The Proceedings of the First World Congress on Sampling and Blending (WCSB1) in 2003 was published as a special issue of Chemometrics and Intelligent Laboratory Systems as a tribute to Pierre Gy’s life and work on the theory of sampling. This volume was to be the first in a series of proceedings, the eighth of which is associated with the Eighth World Conference on Sampling and Blending (WCSB8) to be held in Perth in May 2017. The proceedings from all of the World Congresses on Sampling and Blending are indispensable for anyone wanting to get into the theory and practice of sampling.
The sampling community honoured Pierre Gy in a special issue of TOS Forum, which contains personal tributes to Pierre Gy’s work and life from Francis Pitard, Dominique Francois-Bongarcon, Ralph Holmes, Ana Carolina Chieregati, Pentti Minkkinen and Kim H Esbensen. There are many more who would also like to be able to pay proper tribute to Pierre Gy’s life and legacy, which is why a session at the upcoming WCSB8 is dedicated exclusively to this purpose.
Brunton D W, 1895. The theory and practice of ore sampling, Trans AIME Volume XXV, 826-844.
David M, 1988. Handbook of Applied Advanced Geostatistical Ore Reserve Estimation, 232 p (Elsevier: Amsterdam).

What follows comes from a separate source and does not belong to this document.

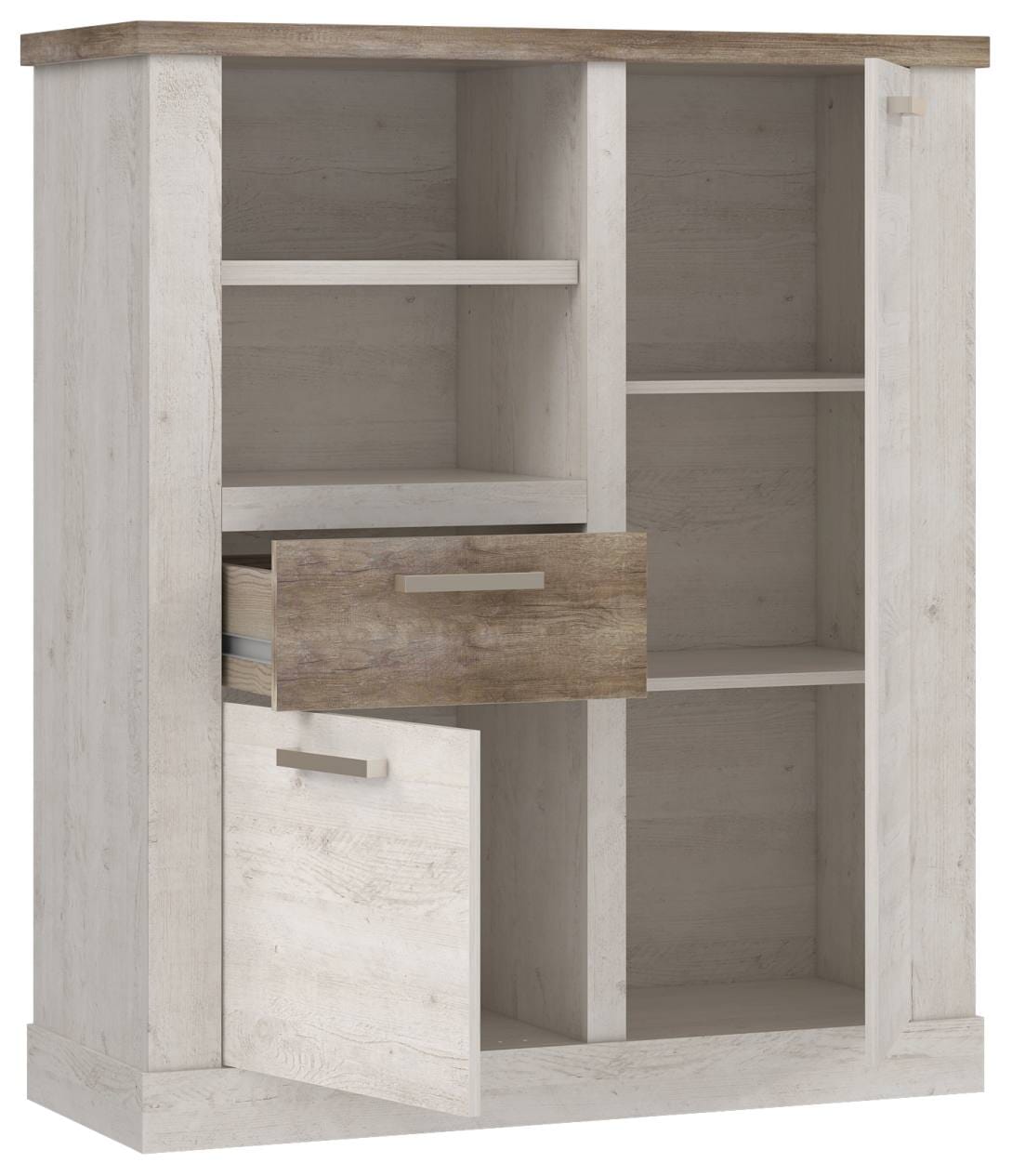 Freuen Sie sich auf ein spannungsreiches Design und ein reiches Innenleben - dieses Highboard wird überall ein gern gesehener Gast sein!

Gy P, 1988. Heterogeneite, Echantillonnage, Homogeneisation (Heterogeneity, Sampling, Homogenizing), xiv+607 p (Masson: Paris).
Gy P, 2004a. Part IV: 50 years of sampling theory – a personal history, Chemometrics and Intelligent Laboratory Systems, 74:49-60.
Gy P, 2004b. Sampling of discrete materials – a new introduction to the theory of sampling. I. Qualitative approach, Chemometrics and Intelligent Laboratory Systems, 74:7-24.
Matheron G, 1965. Les variables regionalisees et leur estimation (Regionalized variables and their estimation), PhD thesis, Masson, Paris.
Richards R, 1908. Ore Dressing Volume 2, 508 p (McGraw-Hill).